Intravesical Immunotherapy or Chemotherapy
Basir Tareen MD, Samir S. Taneja MD, in, 2010
What Is Muscle Invasive Bladder Cancer
Muscle invasive bladder cancer is a cancer that spreads into the detrusor muscle of the bladder. The detrusor muscle is the thick muscle deep in the bladder wall. This cancer is more likely to spread to other parts of the body.
In the U.S., bladder cancer is the third most common cancer in men. Each year, there are more than 83,000 new cases diagnosed in men and women. About 25% of bladder cancers are MIBC. Bladder cancer is more common as a person grows older. It is found most often in the age group of 75-84. Caucasians are more likely to get bladder cancer than any other ethnicity. But there are more African-Americans who do not survive the disease.
What is Cancer?
Cancer is when your body cells grow out of control. When this happens, the body cannot work the way it should. Most cancers form a lump called a tumor or a growth. Some cancers grow and spread fast. Others grow more slowly. Not all lumps are cancers. Cancerous lumps are sometimes called malignant tumors.
What is Bladder Cancer?
When cells of the bladder grow abnormally, they can become bladder cancer.
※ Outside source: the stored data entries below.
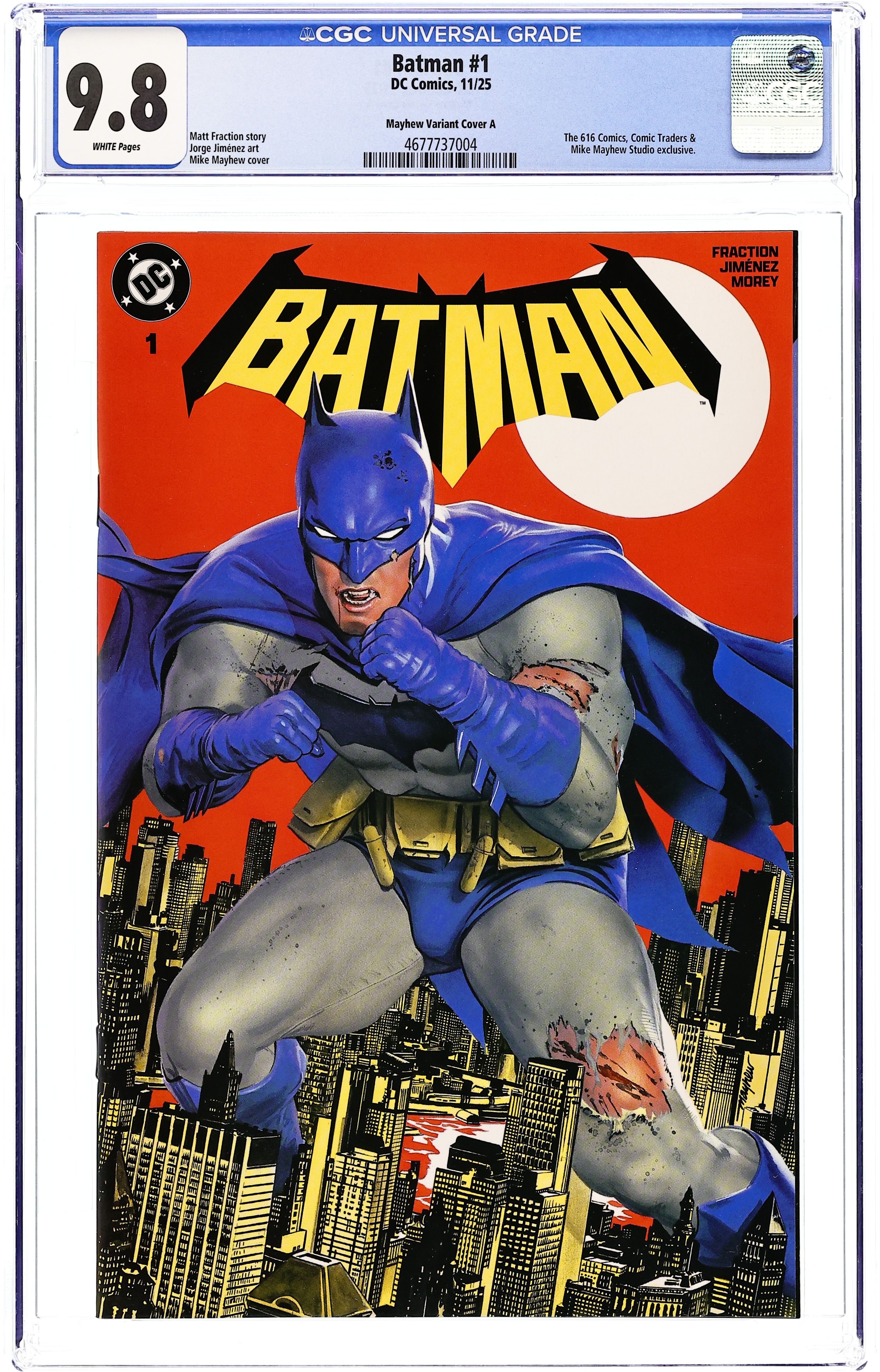 Ends Feb 23 7:34 PM CST Bid History 5 bids Current Bid $24 Your Secret Max Bid If you'd like to bid, please log in or register. Retailer Exclusive Variant Cover by Chris Stevens. Written by Matt Fraction. Art by Jorge Jimenez. A BOLD NEW ERA OF BATMAN STARTS HERE! A new day dawns for the Dark Knight Detective as Eisner Award-winning writer Matt Fraction (Hawkeye, Superman's Pal Jimmy Olsen) joins forces with superstar artist Jorge Jimenez (Batman, Summer of Superman Special) for an unforgettable new era of Batman! The best superhero in comics gets a brand-new first issue to kick off this new era that will test Batman and Bruce Wayne like never before! 40 pages, full color. Rated T+
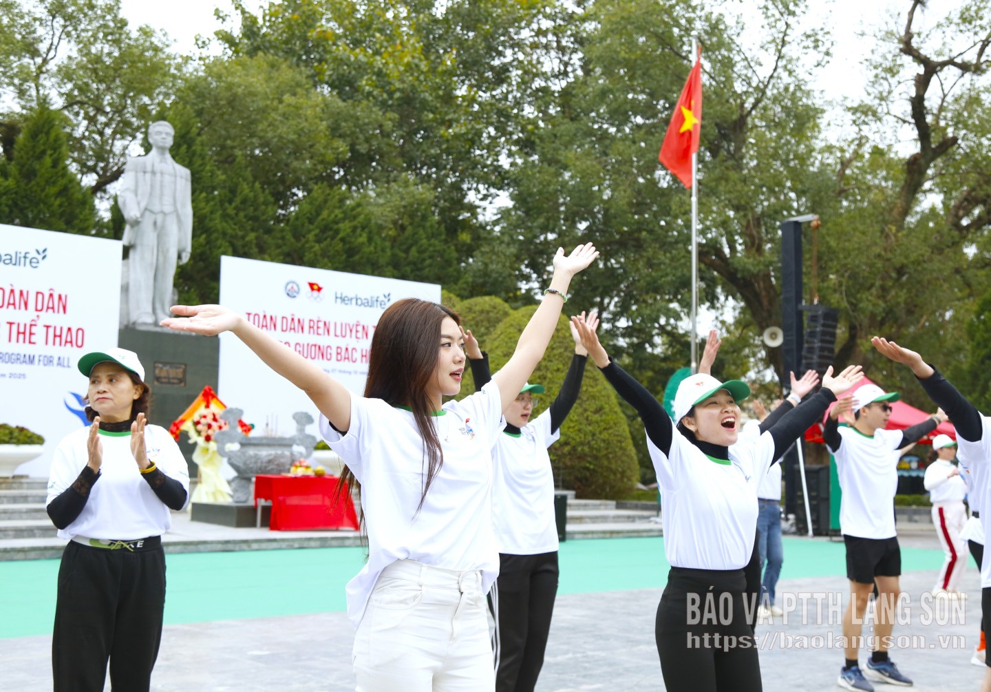 Các đồng chí đại biểu cùng Nhân dân trên địa bàn tham gia hoạt động thể dục cộng đồng
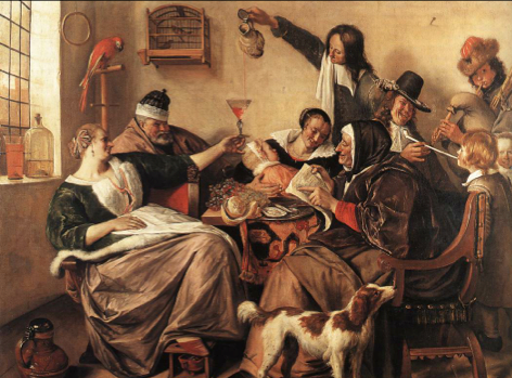 He remarks how the father quietly and moderately admonishes his daughter who is seen from behind. The woman in black, sipping from a glass, Goethe interprets as the young woman’s mother, who lowers her eyes so as not to be too attentive to the ‘father’s admonition’. This moralizing title, however, is without foundation and not in accordance with Ter Borch’s usual themes.
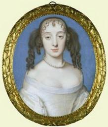 Keywords: people indoor picture frame Barbara Palmer, 1st Duchess of Cleveland (November 27 [O.S. November 17] 1640[1] – October 9, 1709) was an English courtesan and perhaps the most notorious of the many mistresses of Charles II of England. Born Barbara Villiers at the parish of St. Margaret's, Westminster, she was the only child of the 2nd Viscount Grandison, William Villiers (a half-nephew of the 1st Duke of Buckingham), and his wife, Mary Bayning, heiress of the 1st Viscount Bayning. On September 20, 1643, her father died in the English Civil War from a wound sustained at the Battle of Newbury while fighting for the Royalists. He had spent his considerable fortune on horses and ammunition for his Cavalier regiment; his widow and daughter were left in straitened circumstances. Shortly after Lord Grandison's death, Barbara's mother the Lady Mary remarried to Charles Villiers, Earl of Anglesea, a cousin of her late husband.[2] Upon the 1649 execution of King Charles I, the impoverished Villiers clan secretly transferred their loyalty to his son, Charles. Every year on May 29, the new King's birthday, young Barbara, along with her family, descended to the cellar of their home in total darkness and clandestinely drank to his health.[3] At that time, King Charles was wandering about the Continent, exiled and penniless. Tall, voluptuous, with masses of auburn hair, slanting, heavy-lidded blue-violet eyes, alabaster skin, and a sensuous, sulky mouth,[4] Barbara Villiers was considered to be one of the most beautiful Royalist women, but her lack of fortune left her with reduced marriage prospects. Her first serious romance was with Philip Stanhope, 2nd Earl of Chesterfield, but he was searching for a rich wife; he would wed Elizabeth Butler in 1660.[5] On 14 April 1659 she married Roger Palmer (later 1st Earl of Castlemaine) against his family's wishes; his father predicted that she would make him one of the most miserable men in the world. Palmer was a Roman Catholic. The two separated in 1662, following the birth of her first son. They remained married for his lifetime, but it is believed that Palmer did not father any of his wife's children. [1] She became King Charles's mistress in 1660, while still married to Palmer, and whilst Charles was still in exile at The Hague. The Palmers had joined the ambitious group of supplicants who sailed for Brussels at the end of 1659.[6] As a reward for her services, the King created her husband Baron Limerick and Earl of Castlemaine in 1661. Of her six children, five were acknowledged by Charles as his: 1. Lady Anne Palmer, later FitzRoy (1661-1722), probably daughter of Charles II, although some people believed she bore a resemblance to the Earl of Chesterfield. She later became the Countess of Sussex. 2. Charles Palmer, later FitzRoy (1662-1730), styled Lord Limerick and later Earl of Southampton, created Duke of Southampton (1675), later 2nd Duke of Cleveland (1709) 3. Henry FitzRoy (1663-1690), created Earl of Euston (1672) and Duke of Grafton (1675) 4. Charlotte FitzRoy (1664-1718), later Countess of Lichfield. She gave birth to twenty children. 5. George FitzRoy (1665-1716), created Earl of Northumberland (1674) and Duke of Northumberland (1683) 6. Barbara (Benedicta) FitzRoy (1672-1737) - Cleveland claimed that she was Charles' daughter, but she was probably the child of her mother's second cousin and lover, John Churchill, later Duke of Marlborough By 1662, Barbara, the King's mistress, had more influence at the court than his Queen, Catherine of Braganza. In point of fact, Barbara chose to give birth to their second child at Hampton Court Palace while he and the Queen were honeymooning.[7] In the summer of 1662 she was appointed Lady of the Bedchamber despite opposition from Queen Catherine and Edward Hyde, 1st Earl of Clarendon, one advisor to the King and a bitter enemy of Barbara's. Behind closed doors, Barbara and the Queen feuded constantly. Barbara's influence over the King waxed and waned. Her victory, of her appointment as Lady of the Bedchamber, was followed by rumours of an estrangement between her and the King, being the result of his infatuation with Frances Stuart. In December 1663, Barbara announced her conversion to Catholicism; historians disagree as to why she did so. Some believe it was an attempt to consolidate her position with the King, and some believe it was a way of strengthening her ties with her Catholic husband. In June 1670 Charles created her Baroness Nonsuch (being the owner of Nonsuch Palace). She was also, briefly, granted the ownership of Phoenix Park in Dublin as a present from the King. She was made Countess of Southampton and Duchess of Cleveland in her own right; however, no one at court was sure if this was an indication that she was being jettisoned by Charles, or whether this was a sign that she was even higher in his favours. The Dukedom was made with a special remainder which allowed it to be passed to her eldest son, Charles FitzRoy, despite him being illegitimate. Barbara was known for her dual nature. Diarist John Evelyn called her "the curse of the nation";[8] yet, others described her as great fun, keeping a good table and with a heart to match her famous temper. Lady Barbara took advantage of her influence over the King, using it to her own benefit. She would help herself to money from the Privy Purse and take bribes from the Spanish and the French. She was famously extravagant and promiscuous. She also meddled in politics, supporting the Second Dutch War (declared in February 1665), along with most of the court and Parliament.[9] But there are accounts of exceptional kindness from Barbara; once, after a scaffold had fallen onto a crowd of people at the theatre, she rushed to assist an injured child, and was the only court lady to have done so. While the King had taken other mistresses, the most notable being the actress Nell Gwynne, Barbara took other lovers too, including the acrobat Jacob Ha
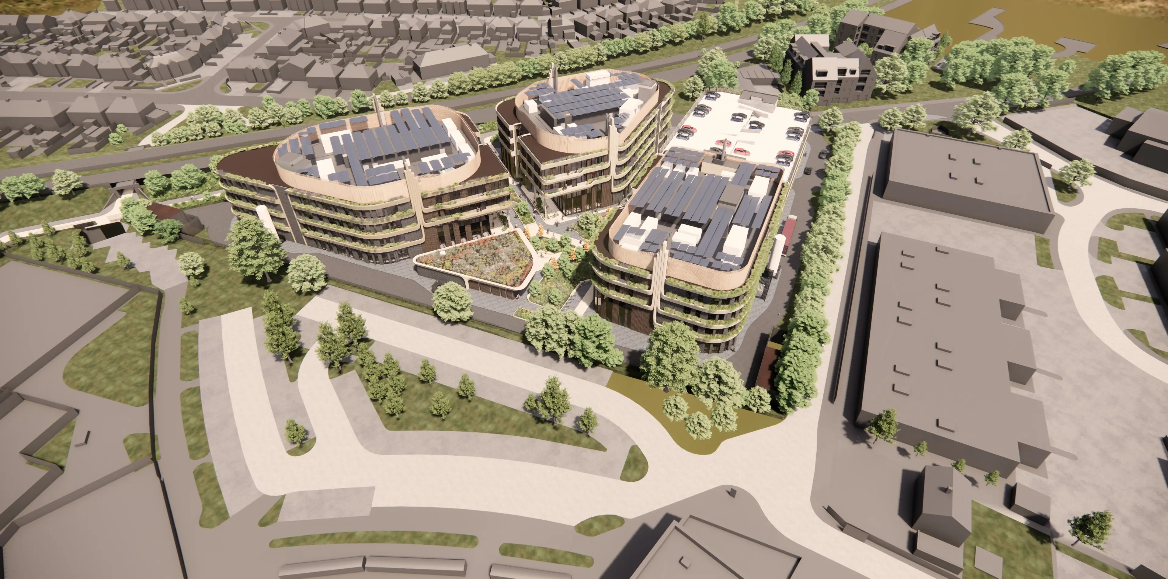 Three new state-of-the-art buildings are designed to suit a range of tenants and provide flexibility in occupancy, with 55% CL2 laboratory and 45% office space to support cutting-edge research and collaboration. Each building is carefully positioned to buffer noise and pollution from an adjacent A road, minimise visual impact to the surroundings, and encourage permeability across the site.

A person with bladder cancer will have one or more tumors in his/her bladder.
How Does Bladder Cancer Develop and Spread?
The bladder wall has many layers, made up of different types of cells. Most bladder cancers start in the urothelium or transitional epithelium. This is the inside lining of the bladder. Transitional cell carcinoma is cancer that forms in the cells of the urothelium.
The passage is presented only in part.